I can test the accuracy by calculating the percentage of accuracy for each experiment. This is done by dividing the calculated result of the relative atomic mass by the actual atomic mass (6.9) of lithium, then multiplying this by 100:
Method 1:
6.40 x 100 = 92.75 % accuracy
6.90
Method 2:
6.87 x 100 = 99.5 % accuracy
6.90
This shows that my results have a high percentage of accuracy.
Even though the percentage of accuracy is extremely high in both of the experiments, I however feel that method one was the inferior method of the two. As you can see the difference in accuracy is a big margin.
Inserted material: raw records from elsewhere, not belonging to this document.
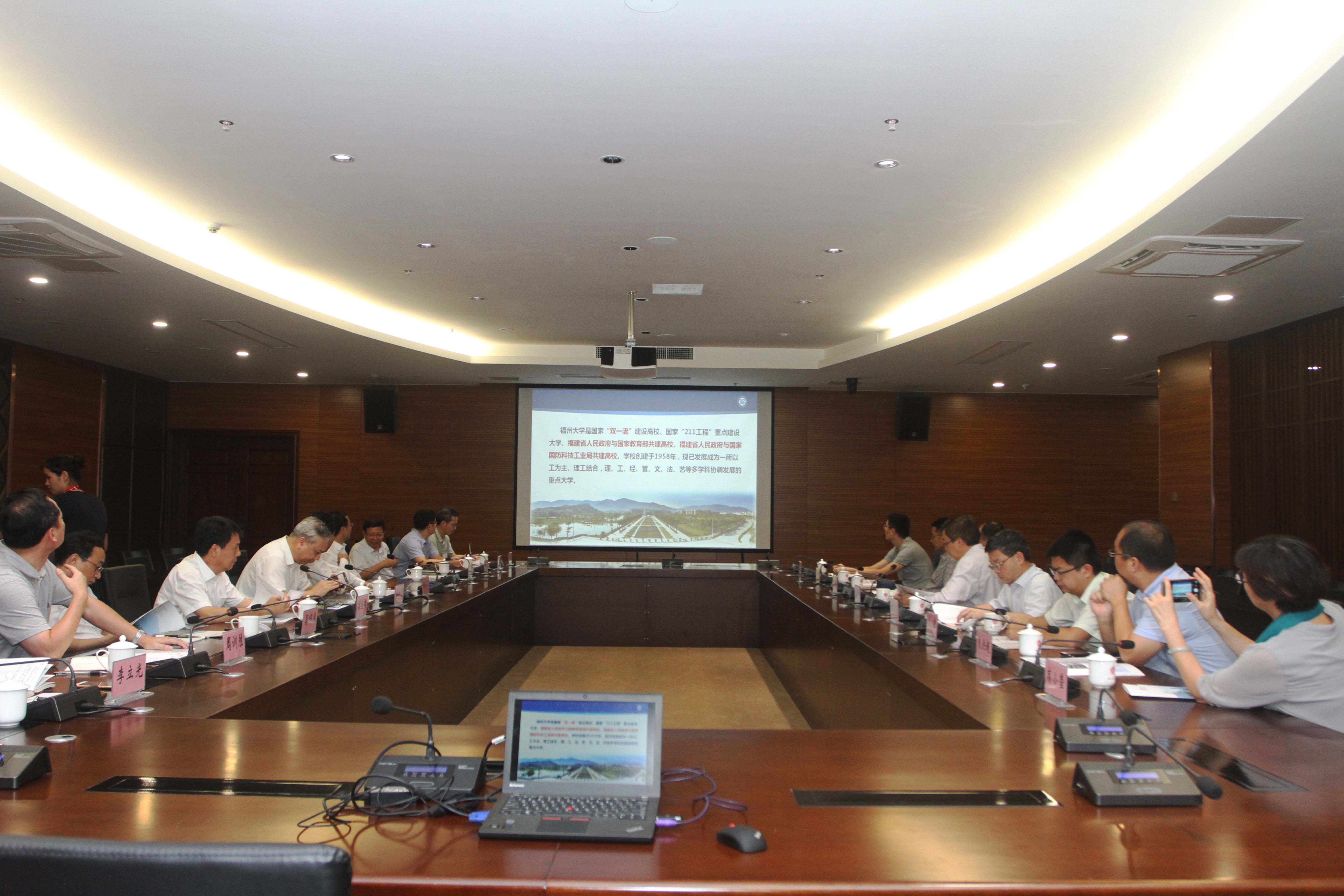 新闻中心讯/8月27日下午,中国科技大学党委书记舒歌群一行来福州大学调研。福建省委教育工委书记、省教育厅党组书记、厅长林和平,福建省科技厅副厅长林伯德,福建省教育厅发展规划处处处长吴吓凤,福州大学党委书记陈永正出席调研座谈会。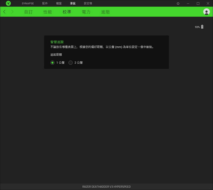 ▼ 智慧追踨 - 可以設定 追蹤距離,讓滑鼠不論在哪種表面上都適用。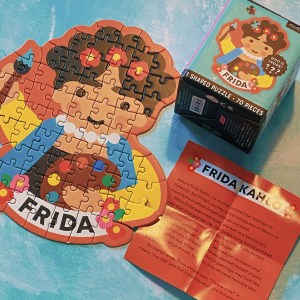 First let’s talk a little bit of what we could find inside; a 70 piece shaped puzzle featuring one of these six amazing women; Amelia, Rosa, Sally, Malala, Frida, or Cleopatra. Inside you’ll find one of these inspiring characters and some of their story.
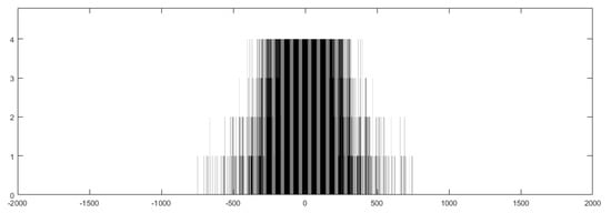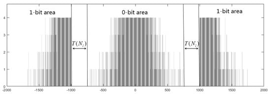 Suppose that denotes the direction value with watermark. After embedding the bit ‘0′, is still in the range , so is called the 0-bit area. After embedding the bit ‘1′, will be changed by the size of for making within the range or . and are called the 1-bit area. Finally, the encrypted model with watermark can be obtained. For example, after embedding 1000 bits, the direction histogram is shown in Figure 8. When embedding the bit ‘0′, the direction values are still in the 0-bit area. When embedding the bit ‘1′, the direction values will be shifted into the 1-bit area. Moreover, the 0-bit area and the 1-area are separated by the robust interval of size . Hence, the watermark is embedded successfully.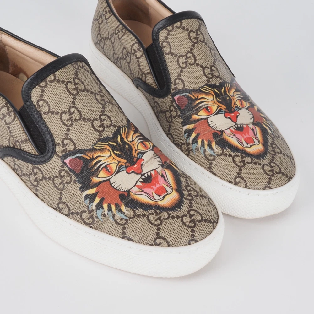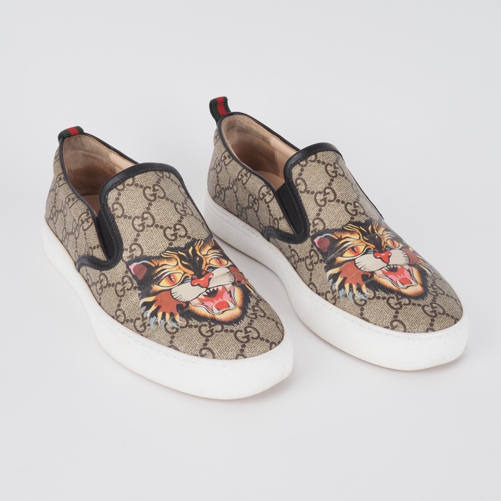 Pixel Safari Fashion eBay Template Free shipping in DE - 30 day return policy - guaranteed authenticity GUCCI Dublin Slip On "Angry Cat" Limited Luxury Designer Shoes OP: €650.00 | Now €275.00 (-58%) Ask question eBay Store DESCRIPTION DETAILS Luxury Designer Shoes ·These stylish slip-on shoes from Gucci are made of leather and GG canvas in Italy. Limited Edition "Angry Cat" men's size 40 but also fits women perfectly. In good used condition with scuffs inside - see pictures.·· for more details and measurements click on DETAILS button. To see the condition and details correctly, all images are high resolution and enlargable. CONDITION N: New with/without tags A+: Like new, used 1 - 2 times A: Very well preserved, treated with care B: Normal signs of use C: Moderate signs of use D: Significant signs of use* E: Needs Repair / Scrap* AUTHENTICITY GUARANTEE We authenticate our products with great care and we also work with independent authenticators. We guarantee the authenticity of our products. If you receive an authentic product from us, we will refund 120% of the purchase price. Differential taxation according to § 25a UStG. Therefore no VAT identification on the invoice. The pictures are part of the item description. All company and brand names given here as well as images, trademarks and figures are the property of their owners and are used only for identification and description of the products. shoes for Unisex Style Shoes Upper GG Canvas Color: Beige Accessories None Size EU 40 Size UK 6 Heel Height -- cm Platform Height -- cm Shaft Height -- cm Outsole Rubber Handmade YES Vintage NO Made in Italy Shipping Free shipping takes place within 2 working days by insured DHL Parcel. Collection during our opening hours in our shop in Munich. Payment We accept the following payment methods: Sofortüberweisung Paypal Klarna Credit Card Cash on site Return You have the right to cancel this contract within 30 days without giving any reason. Design & Development by Pixel Safari wonderlustking*emporium https://www.ebay.com/str/wonderlustkingemporium #1e1879 fashiontemplate 160

Even though the percentage of accuracy of method 2 is 99.5%, it is not 100%, which would, indicate that there were some anomalies in the method. As the margin of error is only 0.5% it is difficult to pinpoint where exactly the mistake occurred. This anomaly may have been caused by a number of factors. The lithium is kept in oil while in storage to prevent it from oxidising. When using the lithium the oil must be cleaned off to ensure that it reacts to its full potential. If the oil is not cleaned of properly the lithium will not produce as much hydrogen, also if there is oil left on the lithium when weighing it may affect the weight, making the experiment less accurate. The accuracy of the experiment would be improve if all the oil was cleaned off of the lithium
Another factor that may have caused the anomaly is error in measurement. This could be a misjudgement through human error, for example an error in misjudging the watermark in a burette or measuring cylinder could cause slight inaccuracy. To ensure accuracy and reliability, measuring equipment should have the highest accuracy that is available and immense care must be taken when measuring.
Another example of human error that may affect results, is deciding when the end point of titration is and the reaction time between realising when the end point and stopping the flow of acid from the burette. If the reaction time is slow, there could be more acid used than that that is needed. This error can be eradicated by slowing down the pace at which the titration is performed.
Method 1 was very inaccurate. I think one of the mistakes that were made during the experiment was to assume that the temperature was standard. Measurements of the room temperature wee not taken during the experiment so we cannot be sure if the room temperature was standard. If the room temperature is not standard, one mole of the hydrogen would not take up 24000cm³, this would mean that all the calculations would be incorrect.
From observing the percentage accuracy’s, I can see that Method 2 is more accurate and effective than Method 1 . There are a number of factors that could be responsible for method 1 being less accurate. These could be errors, there could be errors in measurement of the lithium or distilled water, oxidation of the lithium occurring when lithium is out in open air.
Also, I repeated Method 2 four times, which would give me better results as I could use an average of the different tests. This was not possible in Method 1 as I had to preserve the lithium hydroxide solution for method 2, which meant that method 1 could only be performed once.
All in all I think I have carried out the experiments to the best of my abilities.